• **Work to be completed**
Begin at the line below that has "Дождевик-анорак с капюшоном". Stop after the line that has "Outdoor Patio Table", repeating each line exactly and leaving out the pictures.

• **Supplied information**
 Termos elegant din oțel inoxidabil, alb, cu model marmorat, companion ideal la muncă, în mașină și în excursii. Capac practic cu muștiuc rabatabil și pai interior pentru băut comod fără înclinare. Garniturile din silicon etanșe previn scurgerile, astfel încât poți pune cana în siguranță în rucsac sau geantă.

--

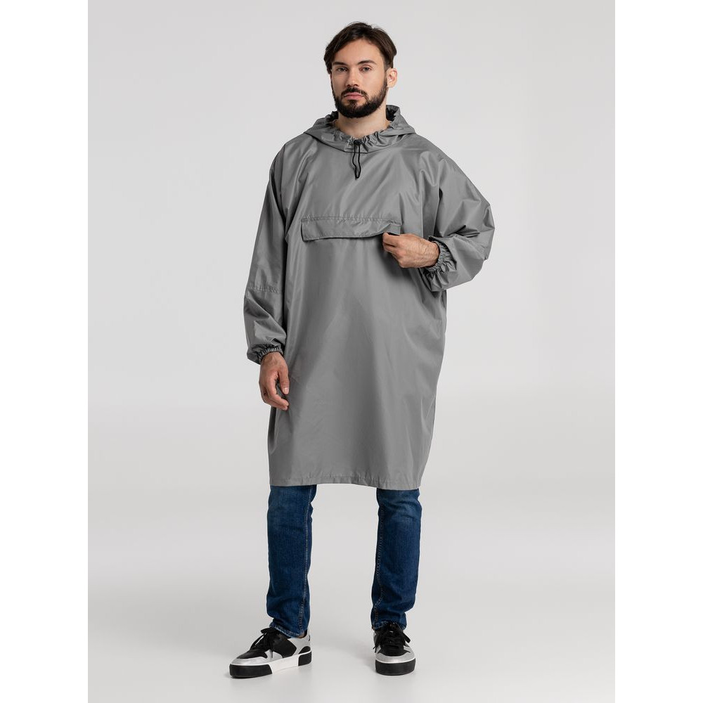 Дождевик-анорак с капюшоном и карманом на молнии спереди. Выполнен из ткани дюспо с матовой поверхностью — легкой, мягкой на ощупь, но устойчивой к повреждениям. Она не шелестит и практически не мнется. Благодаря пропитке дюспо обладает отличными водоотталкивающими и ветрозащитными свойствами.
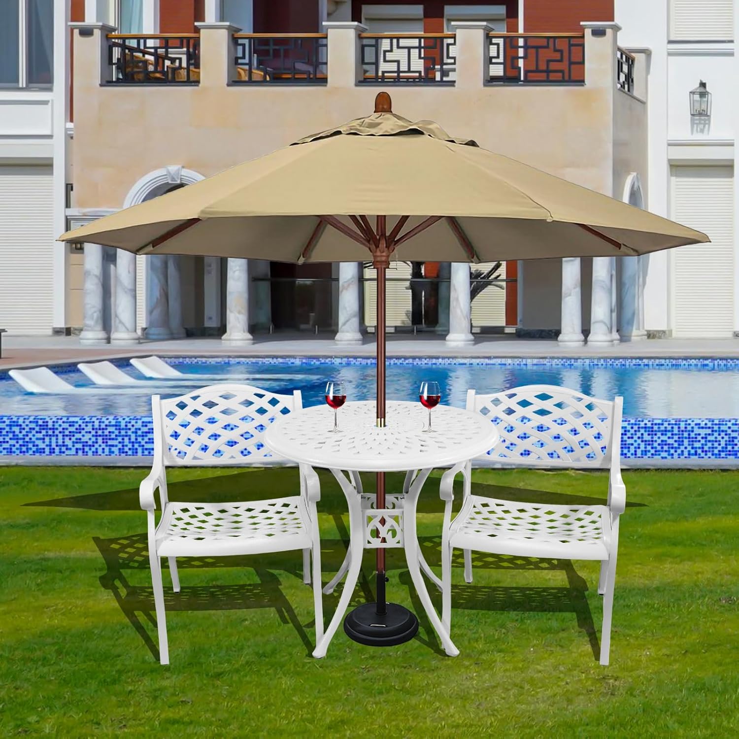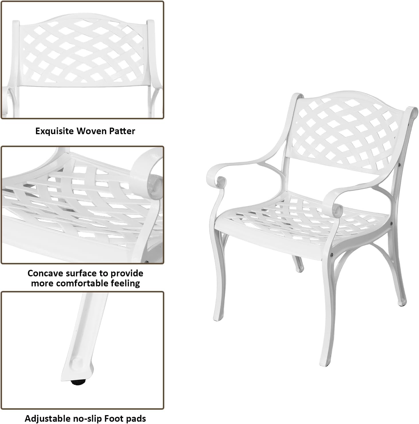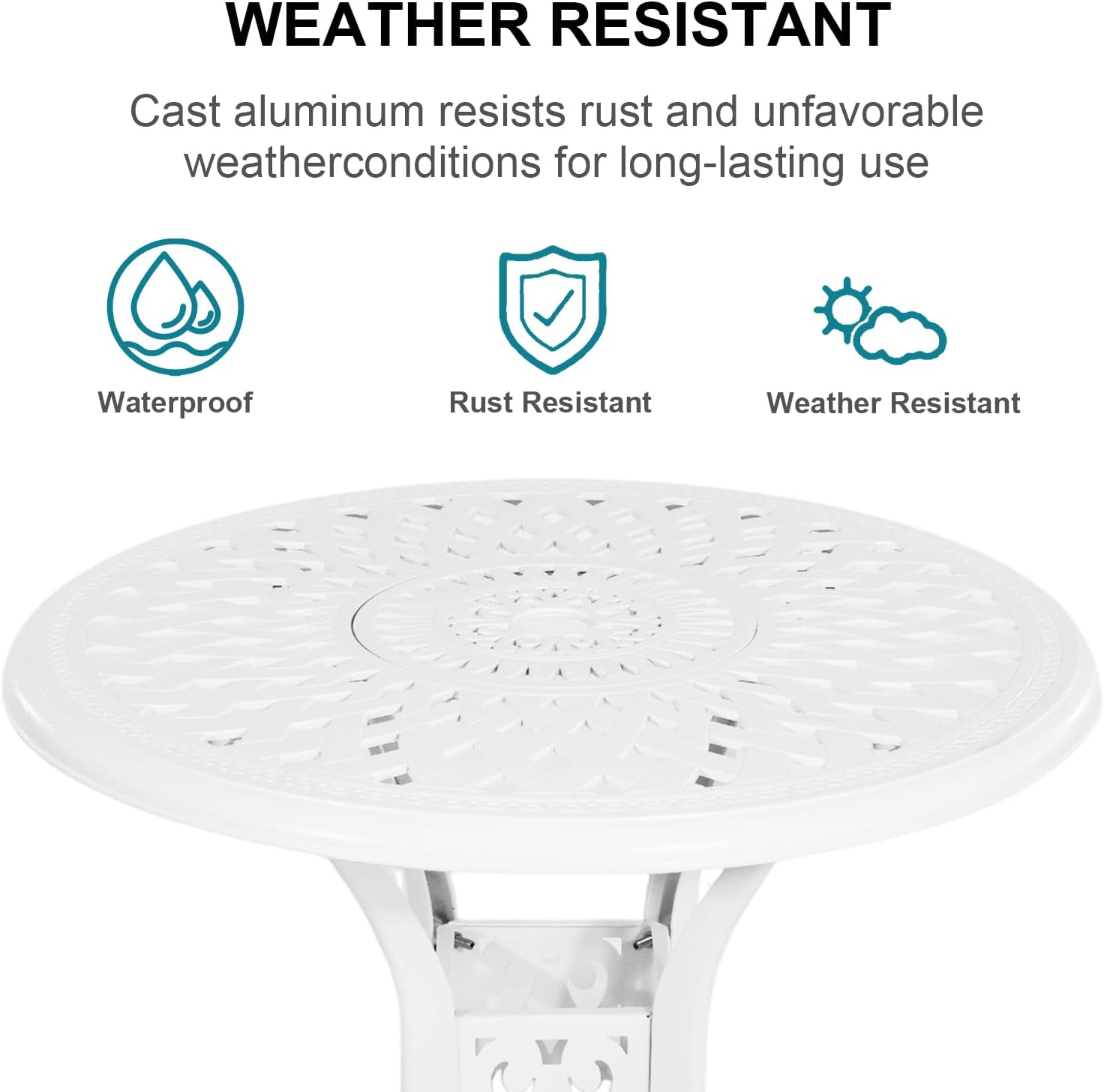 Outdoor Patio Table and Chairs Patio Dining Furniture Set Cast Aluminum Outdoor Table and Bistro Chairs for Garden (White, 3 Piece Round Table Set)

--

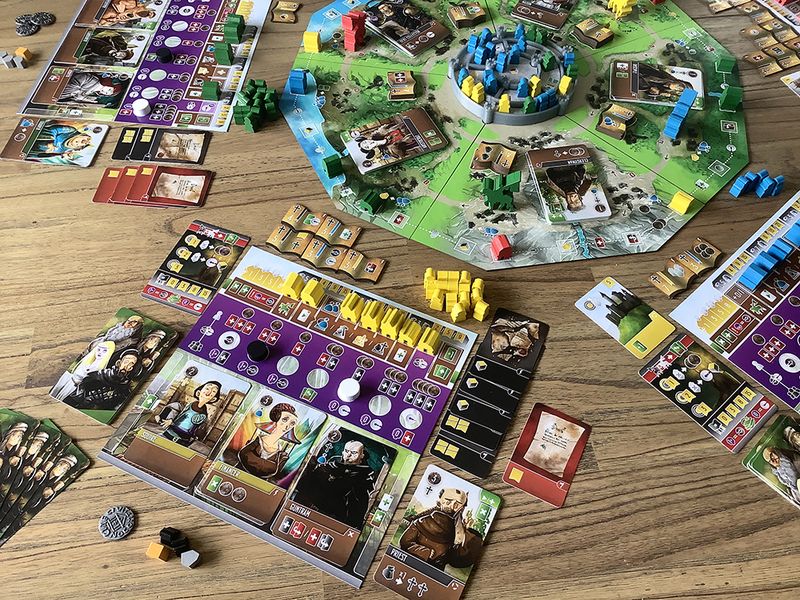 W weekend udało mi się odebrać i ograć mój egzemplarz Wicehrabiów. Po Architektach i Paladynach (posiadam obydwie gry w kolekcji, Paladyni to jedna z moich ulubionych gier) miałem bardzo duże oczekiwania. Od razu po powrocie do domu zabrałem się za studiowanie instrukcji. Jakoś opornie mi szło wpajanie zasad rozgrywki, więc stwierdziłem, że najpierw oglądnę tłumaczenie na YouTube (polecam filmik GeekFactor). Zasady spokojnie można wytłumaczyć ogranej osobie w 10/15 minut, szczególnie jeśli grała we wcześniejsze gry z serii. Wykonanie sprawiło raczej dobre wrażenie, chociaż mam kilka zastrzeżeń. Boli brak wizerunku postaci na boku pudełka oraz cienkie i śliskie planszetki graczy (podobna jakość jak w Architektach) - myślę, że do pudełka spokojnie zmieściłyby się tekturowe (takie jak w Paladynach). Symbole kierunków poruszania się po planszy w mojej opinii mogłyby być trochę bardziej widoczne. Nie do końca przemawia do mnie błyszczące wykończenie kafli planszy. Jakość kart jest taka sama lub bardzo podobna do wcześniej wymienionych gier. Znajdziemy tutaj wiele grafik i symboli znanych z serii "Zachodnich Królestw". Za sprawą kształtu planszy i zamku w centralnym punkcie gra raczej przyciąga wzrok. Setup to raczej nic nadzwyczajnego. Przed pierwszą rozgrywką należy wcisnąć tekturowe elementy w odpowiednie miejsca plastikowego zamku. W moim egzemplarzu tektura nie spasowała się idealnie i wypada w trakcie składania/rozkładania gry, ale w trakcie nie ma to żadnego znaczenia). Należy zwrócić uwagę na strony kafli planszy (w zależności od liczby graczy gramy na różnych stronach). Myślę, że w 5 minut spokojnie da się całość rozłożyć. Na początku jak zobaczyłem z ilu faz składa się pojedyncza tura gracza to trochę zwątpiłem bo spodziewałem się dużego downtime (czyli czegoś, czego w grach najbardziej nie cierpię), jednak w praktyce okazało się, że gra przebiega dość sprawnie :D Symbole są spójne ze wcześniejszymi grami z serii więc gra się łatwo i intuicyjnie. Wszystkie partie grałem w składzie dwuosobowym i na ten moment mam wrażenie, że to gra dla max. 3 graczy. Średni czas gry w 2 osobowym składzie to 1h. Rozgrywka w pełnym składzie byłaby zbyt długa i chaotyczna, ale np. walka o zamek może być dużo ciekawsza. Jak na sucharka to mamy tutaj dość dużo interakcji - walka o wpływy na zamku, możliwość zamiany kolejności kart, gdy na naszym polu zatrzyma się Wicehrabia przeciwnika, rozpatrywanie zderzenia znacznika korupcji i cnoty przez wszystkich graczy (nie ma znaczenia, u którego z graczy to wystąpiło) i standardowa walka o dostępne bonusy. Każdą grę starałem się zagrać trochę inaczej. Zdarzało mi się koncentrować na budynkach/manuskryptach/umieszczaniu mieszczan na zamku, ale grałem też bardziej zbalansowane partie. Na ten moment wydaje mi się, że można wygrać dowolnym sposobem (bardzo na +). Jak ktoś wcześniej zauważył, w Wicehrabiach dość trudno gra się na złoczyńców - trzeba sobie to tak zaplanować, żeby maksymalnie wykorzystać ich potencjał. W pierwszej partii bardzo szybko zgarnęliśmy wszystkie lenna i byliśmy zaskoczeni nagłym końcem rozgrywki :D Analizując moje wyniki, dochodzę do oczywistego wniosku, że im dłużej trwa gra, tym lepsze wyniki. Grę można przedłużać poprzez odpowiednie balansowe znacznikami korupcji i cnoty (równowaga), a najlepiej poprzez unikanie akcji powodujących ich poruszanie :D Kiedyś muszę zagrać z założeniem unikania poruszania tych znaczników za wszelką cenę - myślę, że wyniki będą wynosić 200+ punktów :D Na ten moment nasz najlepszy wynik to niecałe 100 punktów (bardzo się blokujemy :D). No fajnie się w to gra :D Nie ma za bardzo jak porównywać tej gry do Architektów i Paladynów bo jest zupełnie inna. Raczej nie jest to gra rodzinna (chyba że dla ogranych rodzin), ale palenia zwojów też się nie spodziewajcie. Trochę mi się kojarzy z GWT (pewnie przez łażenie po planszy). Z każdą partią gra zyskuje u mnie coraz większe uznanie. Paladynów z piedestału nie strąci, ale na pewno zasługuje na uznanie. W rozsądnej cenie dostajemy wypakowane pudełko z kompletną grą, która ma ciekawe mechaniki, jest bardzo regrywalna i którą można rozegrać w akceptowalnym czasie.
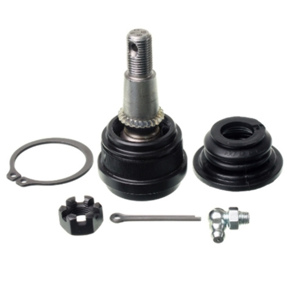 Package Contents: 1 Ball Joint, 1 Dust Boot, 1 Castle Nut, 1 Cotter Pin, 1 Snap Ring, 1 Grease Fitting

• **Your response**
 Дождевик-анорак с капюшоном и карманом на молнии спереди. Выполнен из ткани дюспо с матовой поверхностью — легкой, мягкой на ощупь, но устойчивой к повреждениям. Она не шелестит и практически не мнется. Благодаря пропитке дюспо обладает отличными водоотталкивающими и ветрозащитными свойствами.
 Outdoor Patio Table and Chairs Patio Dining Furniture Set Cast Aluminum Outdoor Table and Bistro Chairs for Garden (White, 3 Piece Round Table Set)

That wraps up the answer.